I wonder if I will get the commission for a set of chairs next?


----------



## ChadPMIK (Jun 28, 2013)

A table that unique definitely needs matching chairs.


----------



## phillip.c (Aug 9, 2012)

Alan - lovely work.

What program did you use to do the electronic sketches?


----------



## mailee (Nov 11, 2005)

I use Sketchup Phillip. I find this easy to use and handy for showing my customers the design.


----------



## bdusten (Mar 22, 2013)

I never saw one before that is a very nice design looks great!


----------



## fdcox (Dec 3, 2007)

Really great design and functional


----------



## OPG3 (Jan 9, 2011)

*Semi-private message to Alan...*

Alan, I saw this thread "floated to the top" again! I cannot seem to get this design out-of-my-mind, it is ingenious! A number of attributes about this design and execution are quite amazing. Alan, I don't send-out a huge amount of "friend requests", but I have sent one to you. I will appreciate it if you will accept my request. If there is a hold-up because of bad breath or my snake collection, please let me know. Here is my goal: I need to assemble a group of people that I share interests with - because I am an inventor and will be needing to have a group of peers who have demonstrated to me that they can "think outside of the box" and are articulate. 

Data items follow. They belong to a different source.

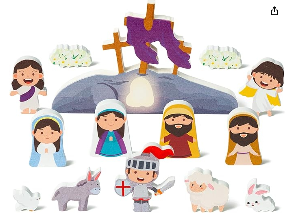 Many households have special nativity scenes which form part of their Christmas decorations during the festive period, but what about an Easter scene? A robust one will allow children to play with the figures and act out the story, and to ask questions about the different characters.
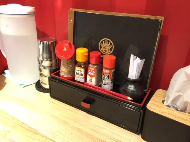 每枱放了一壼水,紙巾、調味料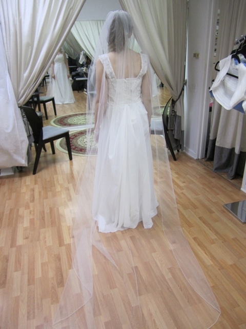 One of the more final rounds of the wedding dress transformation, from the back and with her veil in!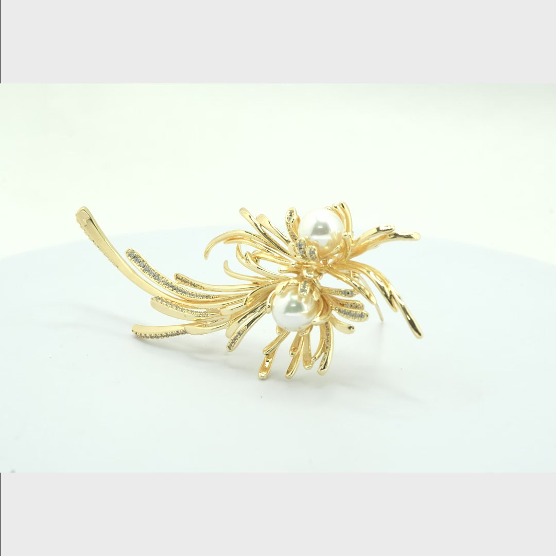 Celestial Burst Pearl Brooch | Gold-Tone Starburst Floral Pin with Pave CZ Stems & Twin Imitation Pearls | Elegant Festive Statement Brooch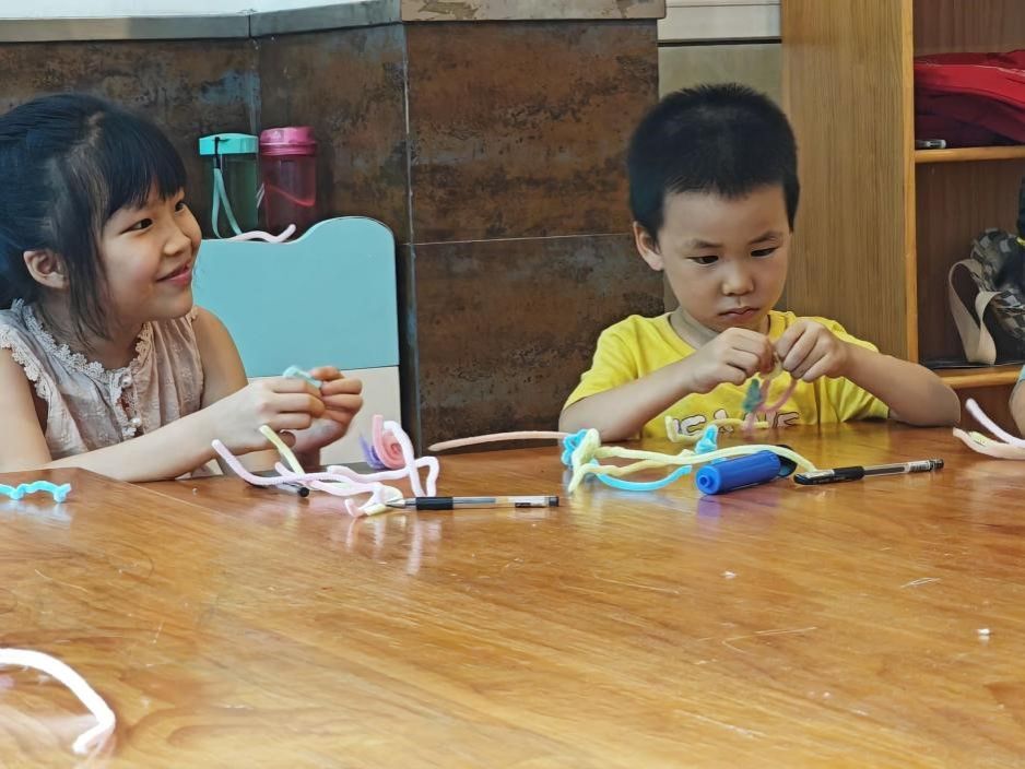 社区课堂安排了篮球、美术、手工制作以及书法课程。课堂中,孩子们在老师的指导下,积极进行实践操作与探索。支教小分队成员穿梭在课堂之中,协助老师管理课堂完成教学,同时积极关注孩子们的状态与需求,为每一位孩子提供帮助。支教过程中,分队成员与孩子们建立了和谐友爱的良好关系。孩子们在这样友好和谐的氛围中,积极动手实践,锻炼体质,不断提高学习能力与操作能力。除了以上的课程,支教过程中还进行了两次课外活动,包括读书分享会以及垃圾分类宣传。这两次活动向孩子们宣传科普了“家风”和“垃圾分类”知识,不仅传授了相关理论知识,还促进了孩子们的品德发展、社会常识建立和精神世界的丰富。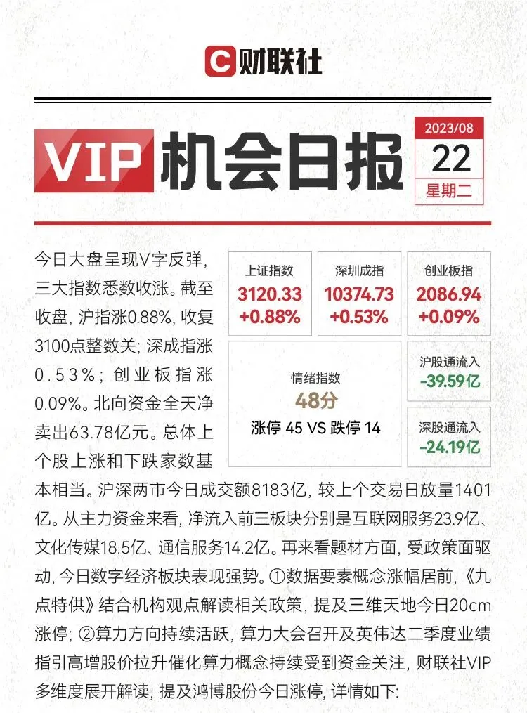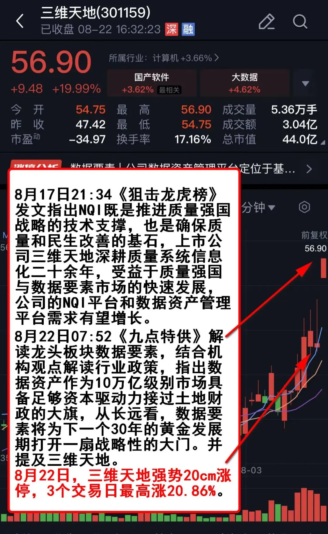 8月22日07:52《九点特供》解读龙头板块数据要素,结合机构观点解读行业政策,指出数据资产作为10万亿级别市场具备足够资本驱动力接过土地财政的大旗,从长远看,数据要素将为下一个30年的黄金发展期打开一扇战略性的大门。并提及三维天地。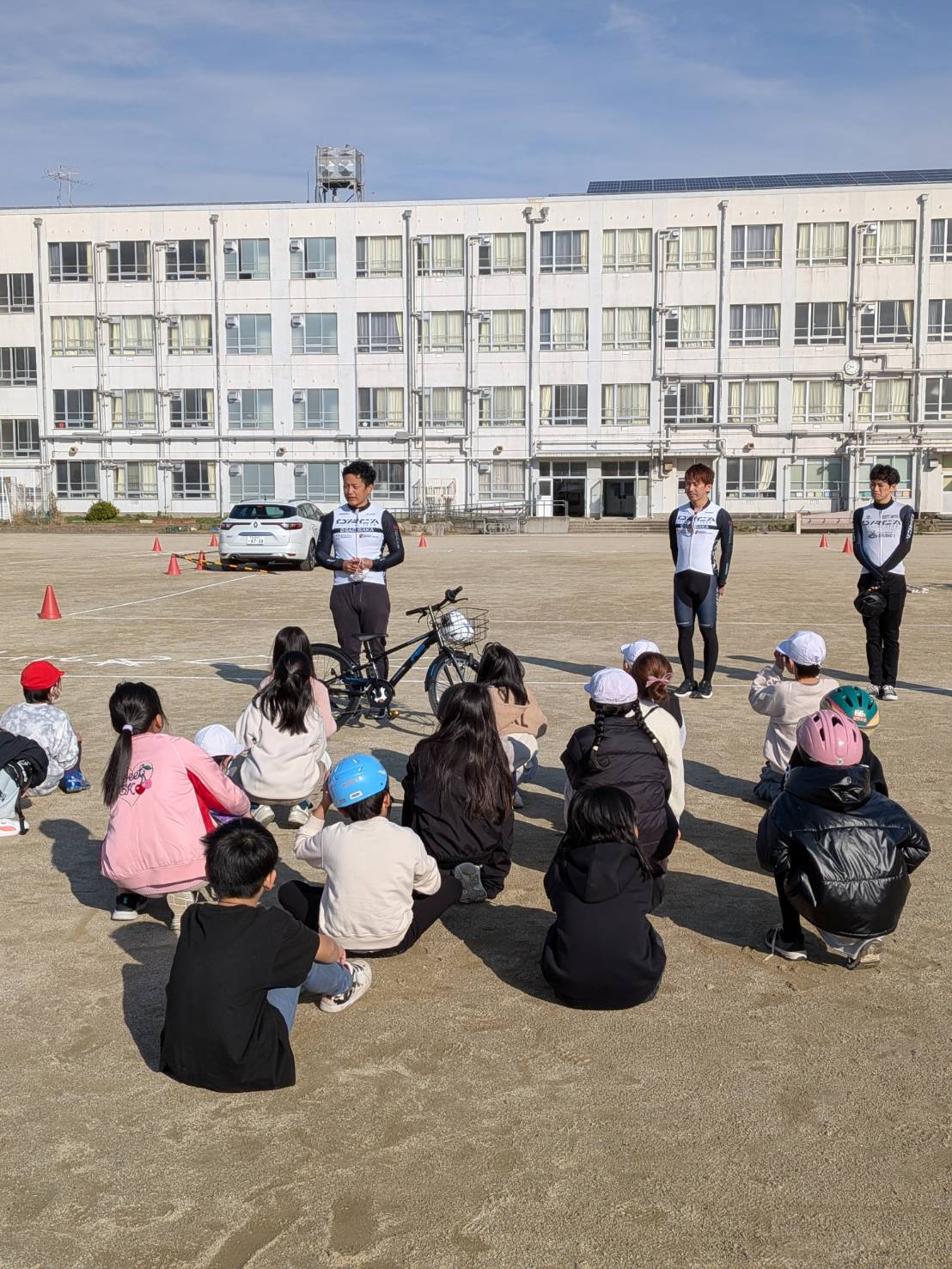 2つのパートに分かれ、伊藤が担当するAグループでは自転車の点検方法と、運動場に設営した特設コースを児童たちと回り、歩道の走り方・横断歩道の渡り方・一時停止・右折と左折・路上駐車をしている車の避け方などを指導させていただきました。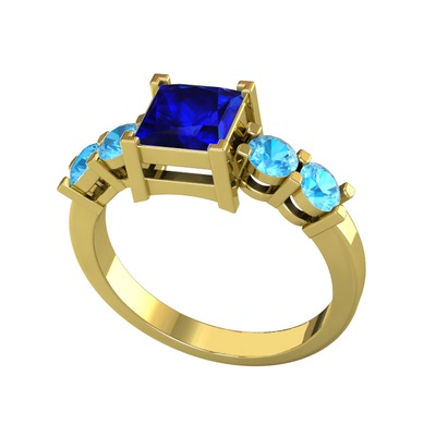 Lab safir ve akuamarin 8 ayar altın yüzük

Just this last Tuesday, I went into business with two partners on a manufacturing venture that I am heading-up. The product we will initially be manufacturing is one of my own invention and at this time I am unable to publicly announce it, but that should change in the next 4-8 months. I've already made an employment offer to one of the Router Forums members, who should be able to start during the product line's developmental stages. Among many of my friends here and otherwise, that individual and I have become good friends and I have learned to respect his opinions and advice. What I am attempting to do is assemble an "All Star Team" for a product line that will be marketed worldwide!

Please seriously consider this request,
Otis Guillebeau from Auburn, Georgia


----------



## phillip.c (Aug 9, 2012)

mailee said:


> I use Sketchup Phillip. I find this easy to use and handy for showing my customers the design.


Do you use the free version by any chance? I'm trying to find out if it's worthwhile for me to learn how to use it if it lacks the capabilities necessary to sketch anything real...

Thanks,


----------



## mailee (Nov 11, 2005)

Yes Phillip, it is the free version of Sketchup. There is a bit of a learning curve to it but it is one of the easiest to get the hang of. I have used a few of the CAD programs but found this is so simple to draw in 3D and does impress the customer with scale drawings.


----------



## MEBCWD (Jan 14, 2012)

Alan,

Really love the table! 
Very good set of photos and explanation to document the build, something I have a problem doing. I am always so happy when I get a project finished I forget to take pictures, I just want to get it delivered and get on to the next project. Then a few days later I I think I should have taken pictures. Like today, I spent the day in the shop and when I went back in the house I saw the camera on the computer desk.

I wish I had the room in my shop that you seem to have in yours.


----------